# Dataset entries
- - -
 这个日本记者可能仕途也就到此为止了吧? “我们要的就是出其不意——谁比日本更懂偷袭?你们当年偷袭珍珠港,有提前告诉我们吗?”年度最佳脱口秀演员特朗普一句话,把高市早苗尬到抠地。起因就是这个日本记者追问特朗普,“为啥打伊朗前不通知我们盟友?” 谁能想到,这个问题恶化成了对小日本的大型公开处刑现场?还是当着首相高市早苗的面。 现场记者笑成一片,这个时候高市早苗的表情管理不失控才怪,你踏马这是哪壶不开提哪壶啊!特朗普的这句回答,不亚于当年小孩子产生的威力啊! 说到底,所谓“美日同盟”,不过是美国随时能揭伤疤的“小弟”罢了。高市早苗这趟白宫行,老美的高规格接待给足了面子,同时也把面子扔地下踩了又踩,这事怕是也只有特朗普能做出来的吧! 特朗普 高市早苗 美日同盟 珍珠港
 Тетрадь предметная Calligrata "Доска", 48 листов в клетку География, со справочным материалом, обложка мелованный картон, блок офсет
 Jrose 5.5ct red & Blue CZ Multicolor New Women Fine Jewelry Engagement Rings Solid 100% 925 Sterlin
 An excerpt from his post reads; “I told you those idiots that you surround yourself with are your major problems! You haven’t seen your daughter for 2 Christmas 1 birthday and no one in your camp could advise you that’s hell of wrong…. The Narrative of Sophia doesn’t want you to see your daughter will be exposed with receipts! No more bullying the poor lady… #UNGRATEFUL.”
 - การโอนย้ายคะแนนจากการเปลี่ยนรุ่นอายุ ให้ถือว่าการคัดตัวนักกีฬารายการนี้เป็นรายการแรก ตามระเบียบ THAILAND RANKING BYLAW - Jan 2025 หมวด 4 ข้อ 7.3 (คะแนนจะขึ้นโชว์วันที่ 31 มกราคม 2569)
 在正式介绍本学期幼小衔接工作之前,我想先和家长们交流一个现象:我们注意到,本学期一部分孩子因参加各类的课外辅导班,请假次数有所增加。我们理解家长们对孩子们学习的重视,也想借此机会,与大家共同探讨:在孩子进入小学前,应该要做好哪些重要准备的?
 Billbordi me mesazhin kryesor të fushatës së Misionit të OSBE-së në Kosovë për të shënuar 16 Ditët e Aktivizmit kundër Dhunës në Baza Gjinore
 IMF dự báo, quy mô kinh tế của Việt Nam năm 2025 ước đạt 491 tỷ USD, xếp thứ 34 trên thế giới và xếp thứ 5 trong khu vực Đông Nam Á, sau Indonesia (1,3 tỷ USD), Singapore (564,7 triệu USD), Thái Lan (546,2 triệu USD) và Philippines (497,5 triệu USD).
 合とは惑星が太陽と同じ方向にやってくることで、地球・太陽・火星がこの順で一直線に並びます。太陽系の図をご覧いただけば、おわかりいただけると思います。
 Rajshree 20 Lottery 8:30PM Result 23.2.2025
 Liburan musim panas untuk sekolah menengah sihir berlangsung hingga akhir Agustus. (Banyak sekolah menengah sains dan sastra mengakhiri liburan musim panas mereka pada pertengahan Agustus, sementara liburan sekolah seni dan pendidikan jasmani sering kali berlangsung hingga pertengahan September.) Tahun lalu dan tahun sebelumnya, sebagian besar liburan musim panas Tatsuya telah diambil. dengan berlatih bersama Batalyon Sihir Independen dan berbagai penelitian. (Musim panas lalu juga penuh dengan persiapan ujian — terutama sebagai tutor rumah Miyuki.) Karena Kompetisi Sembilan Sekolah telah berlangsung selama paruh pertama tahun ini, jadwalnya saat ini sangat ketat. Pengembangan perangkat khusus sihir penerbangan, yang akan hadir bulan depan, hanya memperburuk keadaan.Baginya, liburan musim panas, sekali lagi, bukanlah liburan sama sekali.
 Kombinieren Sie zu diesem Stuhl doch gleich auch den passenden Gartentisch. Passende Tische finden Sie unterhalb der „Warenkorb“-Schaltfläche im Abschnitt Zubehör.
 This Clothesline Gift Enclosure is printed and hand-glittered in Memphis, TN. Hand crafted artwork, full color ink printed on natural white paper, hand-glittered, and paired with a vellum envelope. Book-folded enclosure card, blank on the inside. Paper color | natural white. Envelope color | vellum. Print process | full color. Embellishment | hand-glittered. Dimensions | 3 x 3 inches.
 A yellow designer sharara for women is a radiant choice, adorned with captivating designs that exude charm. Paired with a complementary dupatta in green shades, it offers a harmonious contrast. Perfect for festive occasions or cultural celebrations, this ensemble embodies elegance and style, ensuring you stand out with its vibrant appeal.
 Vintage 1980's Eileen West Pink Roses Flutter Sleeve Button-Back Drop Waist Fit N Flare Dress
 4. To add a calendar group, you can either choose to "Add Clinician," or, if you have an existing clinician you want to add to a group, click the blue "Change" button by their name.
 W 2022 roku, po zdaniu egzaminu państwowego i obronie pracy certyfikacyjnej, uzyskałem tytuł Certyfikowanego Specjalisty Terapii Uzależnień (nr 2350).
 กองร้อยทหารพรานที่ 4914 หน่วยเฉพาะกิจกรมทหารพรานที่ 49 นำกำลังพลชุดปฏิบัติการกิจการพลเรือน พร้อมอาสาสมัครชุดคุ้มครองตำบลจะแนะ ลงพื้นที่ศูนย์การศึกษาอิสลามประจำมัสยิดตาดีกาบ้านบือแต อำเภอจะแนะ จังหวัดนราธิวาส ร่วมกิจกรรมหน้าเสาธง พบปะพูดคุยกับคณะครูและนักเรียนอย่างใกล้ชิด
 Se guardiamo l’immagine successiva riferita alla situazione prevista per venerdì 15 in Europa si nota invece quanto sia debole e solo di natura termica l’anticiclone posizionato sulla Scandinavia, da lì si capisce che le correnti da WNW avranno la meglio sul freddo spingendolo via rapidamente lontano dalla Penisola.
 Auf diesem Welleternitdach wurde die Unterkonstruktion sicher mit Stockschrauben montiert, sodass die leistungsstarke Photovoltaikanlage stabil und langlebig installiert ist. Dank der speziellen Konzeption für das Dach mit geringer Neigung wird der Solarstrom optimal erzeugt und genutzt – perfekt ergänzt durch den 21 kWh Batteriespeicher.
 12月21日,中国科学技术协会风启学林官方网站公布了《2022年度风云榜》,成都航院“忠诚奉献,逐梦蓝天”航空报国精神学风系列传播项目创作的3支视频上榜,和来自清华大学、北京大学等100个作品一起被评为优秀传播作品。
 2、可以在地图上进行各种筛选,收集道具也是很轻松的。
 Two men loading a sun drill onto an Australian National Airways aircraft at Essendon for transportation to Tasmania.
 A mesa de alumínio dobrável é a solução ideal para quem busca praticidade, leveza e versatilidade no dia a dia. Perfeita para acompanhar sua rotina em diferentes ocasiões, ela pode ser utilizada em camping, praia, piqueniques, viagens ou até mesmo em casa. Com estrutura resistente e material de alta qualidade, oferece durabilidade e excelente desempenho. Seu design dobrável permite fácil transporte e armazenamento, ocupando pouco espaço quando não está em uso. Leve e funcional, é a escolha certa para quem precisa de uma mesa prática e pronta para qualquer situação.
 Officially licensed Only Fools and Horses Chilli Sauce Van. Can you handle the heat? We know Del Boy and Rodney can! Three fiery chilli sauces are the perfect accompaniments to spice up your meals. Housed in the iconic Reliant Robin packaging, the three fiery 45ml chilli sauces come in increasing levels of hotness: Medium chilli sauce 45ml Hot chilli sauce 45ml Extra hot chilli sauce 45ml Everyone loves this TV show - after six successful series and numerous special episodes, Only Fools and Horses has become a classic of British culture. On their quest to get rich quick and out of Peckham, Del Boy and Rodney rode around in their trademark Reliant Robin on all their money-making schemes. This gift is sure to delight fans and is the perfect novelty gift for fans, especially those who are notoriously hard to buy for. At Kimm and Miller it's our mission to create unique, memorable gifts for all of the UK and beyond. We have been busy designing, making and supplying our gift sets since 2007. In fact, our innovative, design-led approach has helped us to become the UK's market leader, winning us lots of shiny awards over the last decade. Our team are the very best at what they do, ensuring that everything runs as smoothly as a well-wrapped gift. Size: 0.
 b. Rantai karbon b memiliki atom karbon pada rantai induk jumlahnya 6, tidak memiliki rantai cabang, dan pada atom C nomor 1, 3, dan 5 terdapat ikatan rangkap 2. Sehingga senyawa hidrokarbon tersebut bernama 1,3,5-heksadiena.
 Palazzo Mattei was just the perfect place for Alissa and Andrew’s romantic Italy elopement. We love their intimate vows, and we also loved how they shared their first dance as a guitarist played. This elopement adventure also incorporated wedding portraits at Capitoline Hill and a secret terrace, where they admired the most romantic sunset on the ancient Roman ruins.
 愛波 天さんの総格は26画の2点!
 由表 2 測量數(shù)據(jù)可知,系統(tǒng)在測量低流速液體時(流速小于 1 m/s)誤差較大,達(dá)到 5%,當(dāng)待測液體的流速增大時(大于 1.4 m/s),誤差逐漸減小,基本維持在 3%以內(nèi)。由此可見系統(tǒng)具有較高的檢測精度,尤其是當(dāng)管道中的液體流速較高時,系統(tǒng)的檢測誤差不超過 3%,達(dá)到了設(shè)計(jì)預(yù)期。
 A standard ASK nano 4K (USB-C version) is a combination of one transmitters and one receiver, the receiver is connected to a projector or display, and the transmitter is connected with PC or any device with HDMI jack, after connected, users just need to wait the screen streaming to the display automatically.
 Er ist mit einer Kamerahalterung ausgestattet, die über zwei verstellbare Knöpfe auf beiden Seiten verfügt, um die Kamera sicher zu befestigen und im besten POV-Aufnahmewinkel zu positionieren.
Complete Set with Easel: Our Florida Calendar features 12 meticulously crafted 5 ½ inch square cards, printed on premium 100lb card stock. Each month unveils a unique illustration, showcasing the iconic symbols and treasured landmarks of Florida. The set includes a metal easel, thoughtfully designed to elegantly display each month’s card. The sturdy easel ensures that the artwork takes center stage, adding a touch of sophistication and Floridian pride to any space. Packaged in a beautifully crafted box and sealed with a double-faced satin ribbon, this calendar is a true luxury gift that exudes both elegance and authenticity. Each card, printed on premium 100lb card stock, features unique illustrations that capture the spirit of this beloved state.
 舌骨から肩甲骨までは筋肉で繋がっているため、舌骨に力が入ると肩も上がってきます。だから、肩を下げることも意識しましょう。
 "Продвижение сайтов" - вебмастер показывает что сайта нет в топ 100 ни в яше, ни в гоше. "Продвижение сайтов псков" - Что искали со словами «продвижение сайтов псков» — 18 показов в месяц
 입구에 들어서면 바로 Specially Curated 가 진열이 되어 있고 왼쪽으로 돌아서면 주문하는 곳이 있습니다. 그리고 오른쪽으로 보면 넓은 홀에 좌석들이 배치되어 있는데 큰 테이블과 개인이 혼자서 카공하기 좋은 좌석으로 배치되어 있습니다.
- - -
# PROMPT
From the data above, return every line from the line that has "A yellow designer" up to and including the line that has "W 2022 roku, po", exactly.

# SOLUTION TO THIS EXERCISE
 A yellow designer sharara for women is a radiant choice, adorned with captivating designs that exude charm. Paired with a complementary dupatta in green shades, it offers a harmonious contrast. Perfect for festive occasions or cultural celebrations, this ensemble embodies elegance and style, ensuring you stand out with its vibrant appeal.
 Vintage 1980's Eileen West Pink Roses Flutter Sleeve Button-Back Drop Waist Fit N Flare Dress
 4. To add a calendar group, you can either choose to "Add Clinician," or, if you have an existing clinician you want to add to a group, click the blue "Change" button by their name.
 W 2022 roku, po zdaniu egzaminu państwowego i obronie pracy certyfikacyjnej, uzyskałem tytuł Certyfikowanego Specjalisty Terapii Uzależnień (nr 2350).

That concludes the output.